Once in awhile, you read something that triggers memories that you hadn’t even realized you had forgotten. When I read the prologue in Joe Hill’s new novel, NOS4A2 (and if you don’t get this, then you obviously don’t have a husband whose idea of a great first date was going to see Max Schrenk in the 1922 silent movie), it was the summer of 1985. I had graduated college and moved in with my boyfriend-now-husband in Pittsburgh. He was living in a seedy area in East Liberty, on the third floor of the kind of house where cooking and other smells immediately assaulted you when you opened the front door. We all had hibachis on the fire escape, and thought we were living at the height of culture. I spent that summer immersed in horror novels, something I never would have done if I’d been living by myself. To this day, Pet Sematary scares the bejesus out of me. But one of the most terrifying scenes I read came from Dracula, when Jonathan Harker and Dr. Seward open the Count’s casket and Dracula is lying there in his bed of dirt glaring up at them with vindictive eyes, which for some reason my imagination colored red. Why is something like opening up a casket so scary and so compelling at the same time?
NOS4A2 opens in the long-term care ward of a Supermax prison infirmary where the coma patients (“gorks”, according to the staff) are kept. A nurse is making her rounds, holding a bag of blood for one Charlie Manx, who “looks older than Keith Richards”, only with sharp little brown teeth. She is startled when she notices that his eyes are now open, but it’s when he grabs her wrist and starts talking about her son that the fun really begins: she drops the bag of blood which then explodes in a “crimson gush, the hot spray drenching her feet”.
Oh goody, I thought at this point: cue the shrieking violins (or Christmas carols), cause this is gonna ROCK.

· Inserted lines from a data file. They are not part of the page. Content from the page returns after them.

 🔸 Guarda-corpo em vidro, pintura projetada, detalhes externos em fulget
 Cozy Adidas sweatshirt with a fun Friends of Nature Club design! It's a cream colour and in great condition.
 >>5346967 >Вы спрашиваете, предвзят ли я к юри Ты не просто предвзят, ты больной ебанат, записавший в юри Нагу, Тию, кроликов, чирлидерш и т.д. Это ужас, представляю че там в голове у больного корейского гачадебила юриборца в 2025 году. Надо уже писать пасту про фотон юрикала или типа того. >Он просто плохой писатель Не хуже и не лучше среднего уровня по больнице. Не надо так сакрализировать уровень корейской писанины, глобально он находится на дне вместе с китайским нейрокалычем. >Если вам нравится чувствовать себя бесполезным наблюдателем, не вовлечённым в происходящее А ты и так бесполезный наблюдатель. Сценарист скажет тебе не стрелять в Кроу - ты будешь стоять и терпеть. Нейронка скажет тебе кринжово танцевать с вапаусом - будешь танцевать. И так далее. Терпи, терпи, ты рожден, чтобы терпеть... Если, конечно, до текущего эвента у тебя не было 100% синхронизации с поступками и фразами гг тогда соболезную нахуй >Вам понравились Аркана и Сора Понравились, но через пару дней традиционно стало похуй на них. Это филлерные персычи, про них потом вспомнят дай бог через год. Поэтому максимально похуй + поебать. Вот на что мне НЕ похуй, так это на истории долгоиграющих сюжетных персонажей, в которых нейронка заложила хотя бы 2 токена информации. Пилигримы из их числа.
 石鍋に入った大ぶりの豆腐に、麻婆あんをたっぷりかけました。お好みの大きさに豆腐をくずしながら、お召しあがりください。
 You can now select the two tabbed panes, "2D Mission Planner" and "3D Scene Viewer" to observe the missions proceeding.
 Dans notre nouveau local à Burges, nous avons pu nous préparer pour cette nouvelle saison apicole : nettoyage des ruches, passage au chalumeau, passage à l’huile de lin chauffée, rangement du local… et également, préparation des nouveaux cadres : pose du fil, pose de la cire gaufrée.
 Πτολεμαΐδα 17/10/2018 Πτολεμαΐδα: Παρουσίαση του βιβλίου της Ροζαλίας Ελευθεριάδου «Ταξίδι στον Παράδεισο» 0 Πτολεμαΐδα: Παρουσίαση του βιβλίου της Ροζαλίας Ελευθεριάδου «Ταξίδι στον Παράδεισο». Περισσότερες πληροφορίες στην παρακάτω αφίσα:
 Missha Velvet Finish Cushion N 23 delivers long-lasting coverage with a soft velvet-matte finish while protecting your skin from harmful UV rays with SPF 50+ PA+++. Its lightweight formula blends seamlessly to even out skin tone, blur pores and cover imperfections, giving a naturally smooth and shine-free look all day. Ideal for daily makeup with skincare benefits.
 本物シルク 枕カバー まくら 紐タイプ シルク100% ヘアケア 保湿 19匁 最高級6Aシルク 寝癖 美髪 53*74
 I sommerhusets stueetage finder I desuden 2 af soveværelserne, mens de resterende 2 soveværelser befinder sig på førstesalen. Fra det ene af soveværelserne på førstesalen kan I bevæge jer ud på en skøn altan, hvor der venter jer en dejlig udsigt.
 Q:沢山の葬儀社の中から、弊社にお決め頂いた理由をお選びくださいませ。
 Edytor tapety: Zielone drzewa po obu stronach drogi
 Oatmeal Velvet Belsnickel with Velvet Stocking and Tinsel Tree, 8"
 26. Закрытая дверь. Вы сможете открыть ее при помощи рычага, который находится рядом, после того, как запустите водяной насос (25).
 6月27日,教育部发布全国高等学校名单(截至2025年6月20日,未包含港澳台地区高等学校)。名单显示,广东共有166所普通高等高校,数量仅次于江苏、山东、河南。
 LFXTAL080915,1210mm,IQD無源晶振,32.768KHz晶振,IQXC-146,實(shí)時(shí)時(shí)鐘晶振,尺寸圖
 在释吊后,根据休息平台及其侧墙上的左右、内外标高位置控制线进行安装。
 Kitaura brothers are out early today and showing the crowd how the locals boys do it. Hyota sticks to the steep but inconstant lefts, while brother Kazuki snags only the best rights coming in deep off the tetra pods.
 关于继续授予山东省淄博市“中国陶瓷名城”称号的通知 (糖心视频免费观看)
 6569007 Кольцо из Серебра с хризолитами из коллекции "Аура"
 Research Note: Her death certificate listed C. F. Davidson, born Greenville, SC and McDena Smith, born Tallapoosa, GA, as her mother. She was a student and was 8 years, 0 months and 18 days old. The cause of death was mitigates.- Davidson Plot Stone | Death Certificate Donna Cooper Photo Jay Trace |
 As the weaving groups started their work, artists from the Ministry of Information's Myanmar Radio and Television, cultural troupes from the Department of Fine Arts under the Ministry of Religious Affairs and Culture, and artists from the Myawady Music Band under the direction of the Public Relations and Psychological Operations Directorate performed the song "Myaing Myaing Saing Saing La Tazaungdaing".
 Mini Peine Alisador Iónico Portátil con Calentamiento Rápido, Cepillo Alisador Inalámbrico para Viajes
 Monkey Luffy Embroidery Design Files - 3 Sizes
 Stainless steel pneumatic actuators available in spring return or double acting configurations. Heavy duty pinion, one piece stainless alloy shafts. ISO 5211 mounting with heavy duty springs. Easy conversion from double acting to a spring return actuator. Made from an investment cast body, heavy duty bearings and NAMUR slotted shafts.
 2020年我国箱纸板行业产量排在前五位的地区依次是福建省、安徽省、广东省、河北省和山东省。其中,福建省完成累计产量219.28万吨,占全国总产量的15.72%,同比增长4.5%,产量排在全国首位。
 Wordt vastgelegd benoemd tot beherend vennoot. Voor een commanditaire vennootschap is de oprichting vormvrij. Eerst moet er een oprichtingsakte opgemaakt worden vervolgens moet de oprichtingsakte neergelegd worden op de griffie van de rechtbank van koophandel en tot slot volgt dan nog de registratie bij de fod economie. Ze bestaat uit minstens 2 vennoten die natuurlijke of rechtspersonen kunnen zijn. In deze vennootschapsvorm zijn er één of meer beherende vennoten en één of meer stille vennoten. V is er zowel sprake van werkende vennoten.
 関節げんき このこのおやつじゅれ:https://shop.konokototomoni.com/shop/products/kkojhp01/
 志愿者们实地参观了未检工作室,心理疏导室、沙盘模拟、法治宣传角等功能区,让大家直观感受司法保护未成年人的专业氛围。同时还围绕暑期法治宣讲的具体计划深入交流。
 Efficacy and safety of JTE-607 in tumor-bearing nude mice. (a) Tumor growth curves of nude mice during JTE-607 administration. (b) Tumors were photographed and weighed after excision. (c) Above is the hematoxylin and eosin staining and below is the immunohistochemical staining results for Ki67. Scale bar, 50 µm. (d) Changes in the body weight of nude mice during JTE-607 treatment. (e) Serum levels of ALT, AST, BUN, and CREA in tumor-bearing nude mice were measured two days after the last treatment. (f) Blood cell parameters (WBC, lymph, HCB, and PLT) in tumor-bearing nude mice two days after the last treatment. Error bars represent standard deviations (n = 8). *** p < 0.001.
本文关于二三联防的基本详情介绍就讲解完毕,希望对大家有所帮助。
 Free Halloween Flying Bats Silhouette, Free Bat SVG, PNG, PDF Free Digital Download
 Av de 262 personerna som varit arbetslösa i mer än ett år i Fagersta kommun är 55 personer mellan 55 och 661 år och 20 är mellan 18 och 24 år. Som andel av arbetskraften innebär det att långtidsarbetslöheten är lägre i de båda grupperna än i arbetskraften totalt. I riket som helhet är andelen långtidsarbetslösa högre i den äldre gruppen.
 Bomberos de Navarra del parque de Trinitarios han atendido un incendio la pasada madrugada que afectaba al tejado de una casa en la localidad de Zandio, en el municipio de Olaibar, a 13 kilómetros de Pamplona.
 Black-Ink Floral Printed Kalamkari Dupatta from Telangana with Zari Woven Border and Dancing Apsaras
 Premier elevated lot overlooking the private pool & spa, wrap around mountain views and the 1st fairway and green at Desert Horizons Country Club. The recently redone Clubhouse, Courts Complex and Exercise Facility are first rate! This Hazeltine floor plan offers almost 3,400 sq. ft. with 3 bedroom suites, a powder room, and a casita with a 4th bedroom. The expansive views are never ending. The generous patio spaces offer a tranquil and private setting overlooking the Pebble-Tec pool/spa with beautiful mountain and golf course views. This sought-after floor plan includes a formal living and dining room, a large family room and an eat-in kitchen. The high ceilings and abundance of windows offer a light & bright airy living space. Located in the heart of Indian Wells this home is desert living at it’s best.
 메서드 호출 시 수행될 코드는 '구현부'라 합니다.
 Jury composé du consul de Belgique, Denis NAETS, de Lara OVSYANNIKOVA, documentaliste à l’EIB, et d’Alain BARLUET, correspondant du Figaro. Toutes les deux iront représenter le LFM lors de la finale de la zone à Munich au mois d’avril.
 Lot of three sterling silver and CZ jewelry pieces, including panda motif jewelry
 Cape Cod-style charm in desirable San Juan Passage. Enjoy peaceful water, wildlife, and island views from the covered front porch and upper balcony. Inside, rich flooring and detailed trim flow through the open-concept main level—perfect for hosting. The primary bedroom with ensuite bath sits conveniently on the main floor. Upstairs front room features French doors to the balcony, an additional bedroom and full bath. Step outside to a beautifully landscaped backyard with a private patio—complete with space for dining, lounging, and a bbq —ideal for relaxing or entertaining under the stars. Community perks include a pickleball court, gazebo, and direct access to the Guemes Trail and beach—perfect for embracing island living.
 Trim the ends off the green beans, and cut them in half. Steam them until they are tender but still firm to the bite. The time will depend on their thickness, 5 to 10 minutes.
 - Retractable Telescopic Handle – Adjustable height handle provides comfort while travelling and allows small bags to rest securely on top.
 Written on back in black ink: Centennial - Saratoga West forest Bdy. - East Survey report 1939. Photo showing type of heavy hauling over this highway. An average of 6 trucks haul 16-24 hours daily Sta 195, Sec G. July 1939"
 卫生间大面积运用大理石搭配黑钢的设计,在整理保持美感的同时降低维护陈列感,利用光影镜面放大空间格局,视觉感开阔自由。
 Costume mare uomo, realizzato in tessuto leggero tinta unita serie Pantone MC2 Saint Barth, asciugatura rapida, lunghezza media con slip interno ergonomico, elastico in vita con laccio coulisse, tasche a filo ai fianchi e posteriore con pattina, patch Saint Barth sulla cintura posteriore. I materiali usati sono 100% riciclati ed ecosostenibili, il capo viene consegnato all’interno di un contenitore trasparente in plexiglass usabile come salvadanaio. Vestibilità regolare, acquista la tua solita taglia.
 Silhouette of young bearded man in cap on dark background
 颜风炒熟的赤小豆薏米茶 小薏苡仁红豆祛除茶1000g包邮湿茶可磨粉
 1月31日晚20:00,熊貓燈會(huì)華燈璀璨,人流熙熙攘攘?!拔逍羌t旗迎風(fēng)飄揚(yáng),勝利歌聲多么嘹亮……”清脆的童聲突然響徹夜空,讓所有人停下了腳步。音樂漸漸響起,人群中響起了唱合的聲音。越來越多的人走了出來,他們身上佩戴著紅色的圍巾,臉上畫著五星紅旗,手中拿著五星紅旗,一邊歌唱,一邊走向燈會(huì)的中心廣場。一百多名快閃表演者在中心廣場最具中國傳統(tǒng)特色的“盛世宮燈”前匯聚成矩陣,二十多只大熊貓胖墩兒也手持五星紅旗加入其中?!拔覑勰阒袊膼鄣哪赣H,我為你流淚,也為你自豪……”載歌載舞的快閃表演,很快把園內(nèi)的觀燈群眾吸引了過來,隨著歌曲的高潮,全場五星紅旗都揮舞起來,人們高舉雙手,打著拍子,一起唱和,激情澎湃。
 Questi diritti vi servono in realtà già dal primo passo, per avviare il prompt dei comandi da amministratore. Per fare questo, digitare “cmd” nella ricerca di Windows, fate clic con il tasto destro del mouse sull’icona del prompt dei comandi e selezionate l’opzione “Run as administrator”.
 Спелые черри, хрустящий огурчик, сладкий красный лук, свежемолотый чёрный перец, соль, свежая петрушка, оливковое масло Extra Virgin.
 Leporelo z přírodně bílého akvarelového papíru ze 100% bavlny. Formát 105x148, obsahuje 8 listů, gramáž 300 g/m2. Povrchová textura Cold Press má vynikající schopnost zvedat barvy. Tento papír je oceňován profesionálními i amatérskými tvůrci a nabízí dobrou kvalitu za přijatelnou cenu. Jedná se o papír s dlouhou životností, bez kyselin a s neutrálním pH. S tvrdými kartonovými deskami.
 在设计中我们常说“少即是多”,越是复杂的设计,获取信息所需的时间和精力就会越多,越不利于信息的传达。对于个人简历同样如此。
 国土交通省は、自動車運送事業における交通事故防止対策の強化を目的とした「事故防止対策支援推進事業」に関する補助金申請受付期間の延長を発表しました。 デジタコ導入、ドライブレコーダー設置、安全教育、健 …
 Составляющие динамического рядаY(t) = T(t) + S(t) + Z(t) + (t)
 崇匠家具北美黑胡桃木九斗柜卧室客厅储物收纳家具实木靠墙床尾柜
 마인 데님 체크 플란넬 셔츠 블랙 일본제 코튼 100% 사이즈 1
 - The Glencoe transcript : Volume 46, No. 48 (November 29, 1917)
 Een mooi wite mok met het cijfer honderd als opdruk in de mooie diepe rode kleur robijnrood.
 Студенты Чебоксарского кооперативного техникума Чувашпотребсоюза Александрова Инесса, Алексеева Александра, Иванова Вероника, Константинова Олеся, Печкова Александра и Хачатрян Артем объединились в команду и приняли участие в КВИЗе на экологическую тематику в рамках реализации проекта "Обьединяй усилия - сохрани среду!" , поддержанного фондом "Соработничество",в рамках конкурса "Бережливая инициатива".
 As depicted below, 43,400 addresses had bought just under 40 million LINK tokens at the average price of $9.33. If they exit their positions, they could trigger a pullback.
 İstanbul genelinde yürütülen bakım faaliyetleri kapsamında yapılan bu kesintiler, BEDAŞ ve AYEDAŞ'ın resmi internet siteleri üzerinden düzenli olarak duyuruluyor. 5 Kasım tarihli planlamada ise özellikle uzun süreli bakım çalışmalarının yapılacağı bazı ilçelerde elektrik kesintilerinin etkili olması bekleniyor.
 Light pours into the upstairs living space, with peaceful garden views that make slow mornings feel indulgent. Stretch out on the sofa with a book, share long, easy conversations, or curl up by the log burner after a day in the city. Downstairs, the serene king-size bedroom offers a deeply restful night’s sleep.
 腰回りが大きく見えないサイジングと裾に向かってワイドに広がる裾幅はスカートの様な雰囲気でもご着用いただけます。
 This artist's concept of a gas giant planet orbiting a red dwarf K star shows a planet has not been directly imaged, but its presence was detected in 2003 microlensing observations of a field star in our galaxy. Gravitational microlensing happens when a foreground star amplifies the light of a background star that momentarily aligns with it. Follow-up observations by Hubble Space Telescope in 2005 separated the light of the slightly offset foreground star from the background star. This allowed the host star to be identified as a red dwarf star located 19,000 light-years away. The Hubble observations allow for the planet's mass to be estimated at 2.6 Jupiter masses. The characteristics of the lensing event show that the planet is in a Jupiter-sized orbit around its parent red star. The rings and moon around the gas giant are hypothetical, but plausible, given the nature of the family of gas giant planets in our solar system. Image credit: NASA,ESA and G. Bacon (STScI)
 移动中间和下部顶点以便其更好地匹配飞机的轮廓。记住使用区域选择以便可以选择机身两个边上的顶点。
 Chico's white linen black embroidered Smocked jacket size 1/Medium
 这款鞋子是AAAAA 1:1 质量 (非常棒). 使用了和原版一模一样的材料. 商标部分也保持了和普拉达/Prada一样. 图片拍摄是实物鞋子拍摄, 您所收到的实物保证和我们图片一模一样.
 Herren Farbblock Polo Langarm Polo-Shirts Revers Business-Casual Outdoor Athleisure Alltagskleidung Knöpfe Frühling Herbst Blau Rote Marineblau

In addition to being a child molester and a murderer, Charlie Manx is a vampire. He transports children in a 1938 Rolls-Royce Wraith that feeds on their souls using them as fuel for the journey to a place called Christmasland. Or at least he did until he was put in the hospital by one Vic McQueen, who has some interesting skills of her own. She finds things that are lost, by riding her Raleigh Tuff Burner over the Shorter Way Bridge, a derelict old bridge crossing the Merrimack River in Haverhill, Massachusetts. Only this bridge doesn’t go to the other side. The first time she crosses it she winds up in an alley in a New Hampshire burger joint.
Maggie Leigh is a stammering punk-rocker librarian in Iowa who uses Scrabble tiles to find things out and it is through Maggie that Vic becomes aware of Charlie Manx’s interest in her. Manx has a henchman named Bing Partridge who speaks in twisted little singsong rhymes that get inside your head. Bing likes to play with the mommies of the children that Manx takes to Christmasland, kind of like a cat playing with a mouse.
When Manx comes out his coma years later (well, actually, he escapes from the morgue), he’s itching for revenge, and sets his sights on Vic’s son Wayne. A mother’s love for her son is unstoppable and Vic stops at nothing to get her son back.
Joe Hill obviously attended the Dolores Umbridge School of Horror and graduated with distinction. A twisted version of Santa Claus is way more scary than straight-up Freddy Krueger, and the older I get, the less I like Christmas anyway. Loaded with rock ‘n roll, pop-culture, and literary references, NOS4A2 is often horrifyingly funny. I found it impossible to put down, and when I did, it was only to read Joe Hill’s other books, Horns and Heart-Shaped Box. It was another one of those weeks that my kids shook their heads and resigned themselves to making family dinners until I finally came up for air.
Eat your heart — uh, soul — out, Charlie Manx.